** Listed entries follows **

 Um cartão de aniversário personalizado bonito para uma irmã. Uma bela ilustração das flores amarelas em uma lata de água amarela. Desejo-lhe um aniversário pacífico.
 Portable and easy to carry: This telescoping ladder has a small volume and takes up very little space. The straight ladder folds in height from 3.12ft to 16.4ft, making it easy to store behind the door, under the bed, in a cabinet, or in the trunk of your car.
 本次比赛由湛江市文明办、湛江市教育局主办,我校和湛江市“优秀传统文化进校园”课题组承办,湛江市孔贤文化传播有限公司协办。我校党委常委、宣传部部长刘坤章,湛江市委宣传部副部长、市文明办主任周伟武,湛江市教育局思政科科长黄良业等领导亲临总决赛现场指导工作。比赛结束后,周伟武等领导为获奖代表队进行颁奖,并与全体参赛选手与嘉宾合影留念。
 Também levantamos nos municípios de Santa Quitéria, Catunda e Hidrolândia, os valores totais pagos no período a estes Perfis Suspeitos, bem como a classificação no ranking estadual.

** End of Listed entries **
** Listed entries follows **

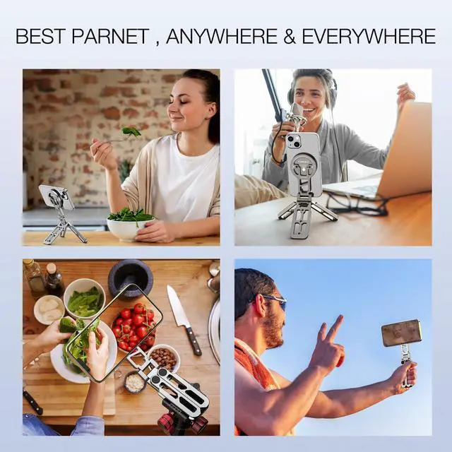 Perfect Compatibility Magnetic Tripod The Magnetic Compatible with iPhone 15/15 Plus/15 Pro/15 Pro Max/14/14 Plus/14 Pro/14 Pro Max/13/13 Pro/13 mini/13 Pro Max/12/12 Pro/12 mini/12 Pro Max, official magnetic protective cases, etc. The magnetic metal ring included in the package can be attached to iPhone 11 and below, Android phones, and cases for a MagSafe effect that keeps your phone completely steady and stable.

** End of Listed entries **
** Listed entries follows **

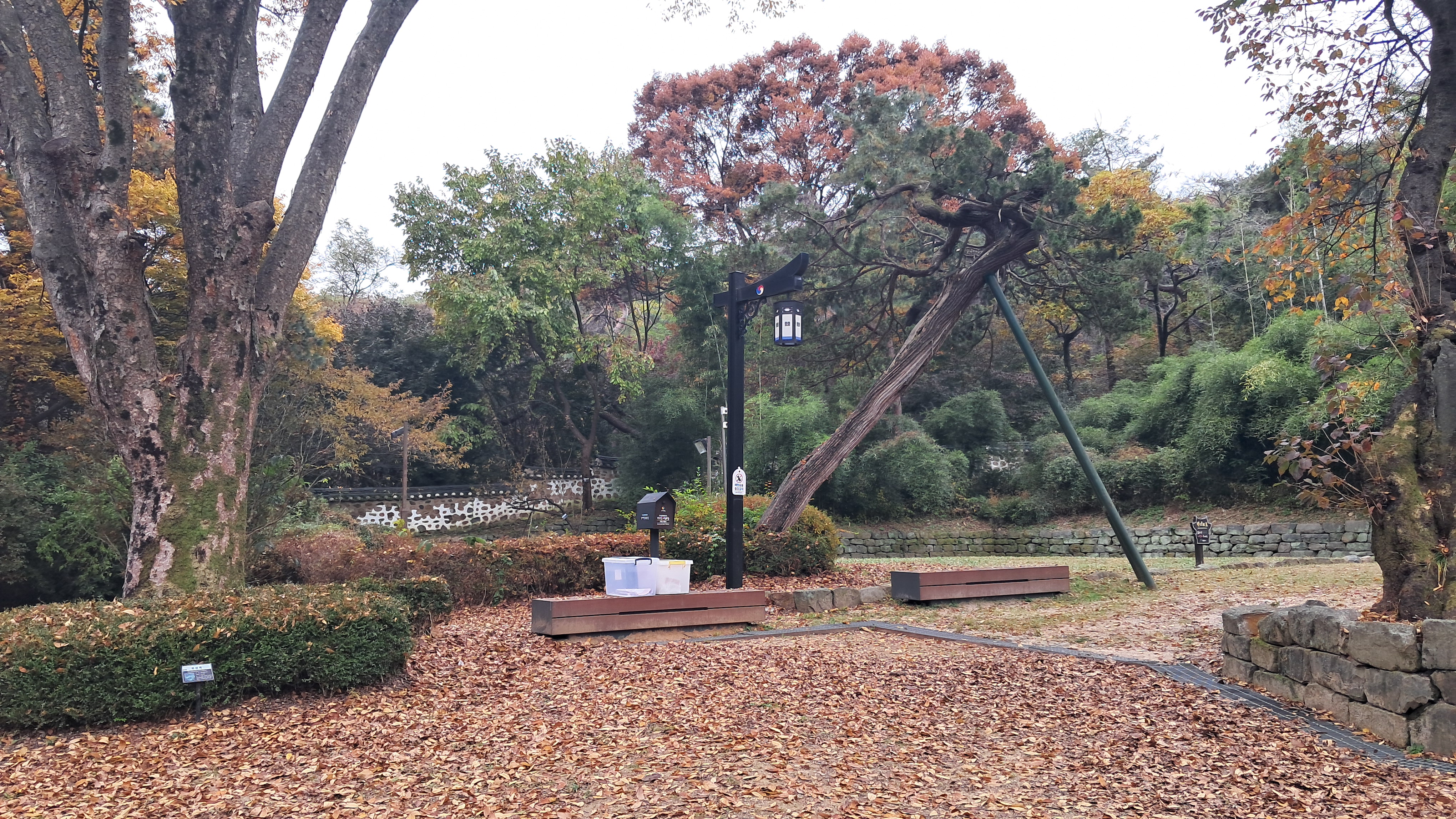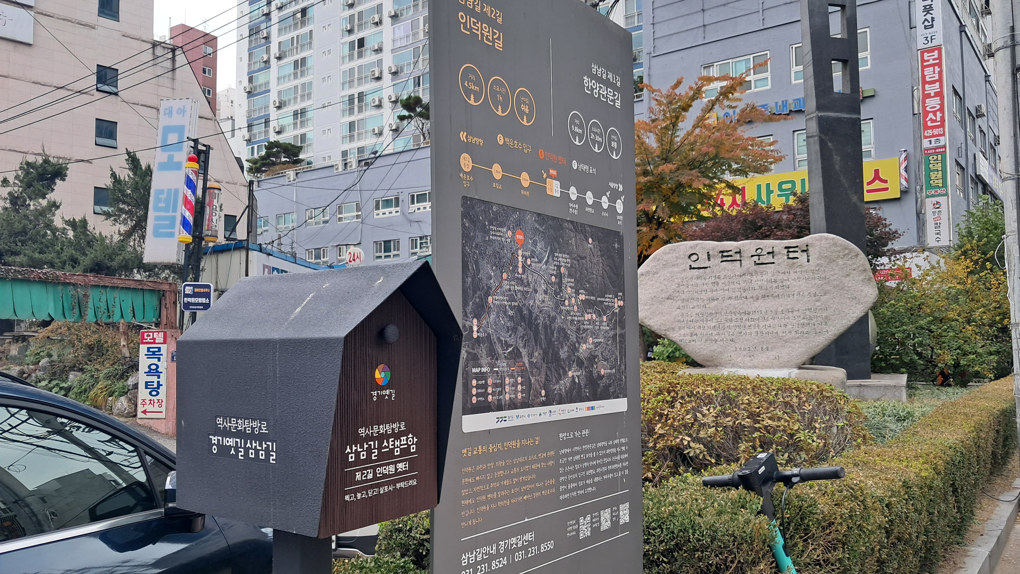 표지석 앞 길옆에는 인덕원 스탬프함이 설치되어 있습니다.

** End of Listed entries **

Work instruction
Look back at the entries above and repeat, unchanged, every line from the line holding "Um cartão de" through the line holding "本次比赛由湛江市文明办、湛江".

Result of the exercise
 Um cartão de aniversário personalizado bonito para uma irmã. Uma bela ilustração das flores amarelas em uma lata de água amarela. Desejo-lhe um aniversário pacífico.
 Portable and easy to carry: This telescoping ladder has a small volume and takes up very little space. The straight ladder folds in height from 3.12ft to 16.4ft, making it easy to store behind the door, under the bed, in a cabinet, or in the trunk of your car.
 本次比赛由湛江市文明办、湛江市教育局主办,我校和湛江市“优秀传统文化进校园”课题组承办,湛江市孔贤文化传播有限公司协办。我校党委常委、宣传部部长刘坤章,湛江市委宣传部副部长、市文明办主任周伟武,湛江市教育局思政科科长黄良业等领导亲临总决赛现场指导工作。比赛结束后,周伟武等领导为获奖代表队进行颁奖,并与全体参赛选手与嘉宾合影留念。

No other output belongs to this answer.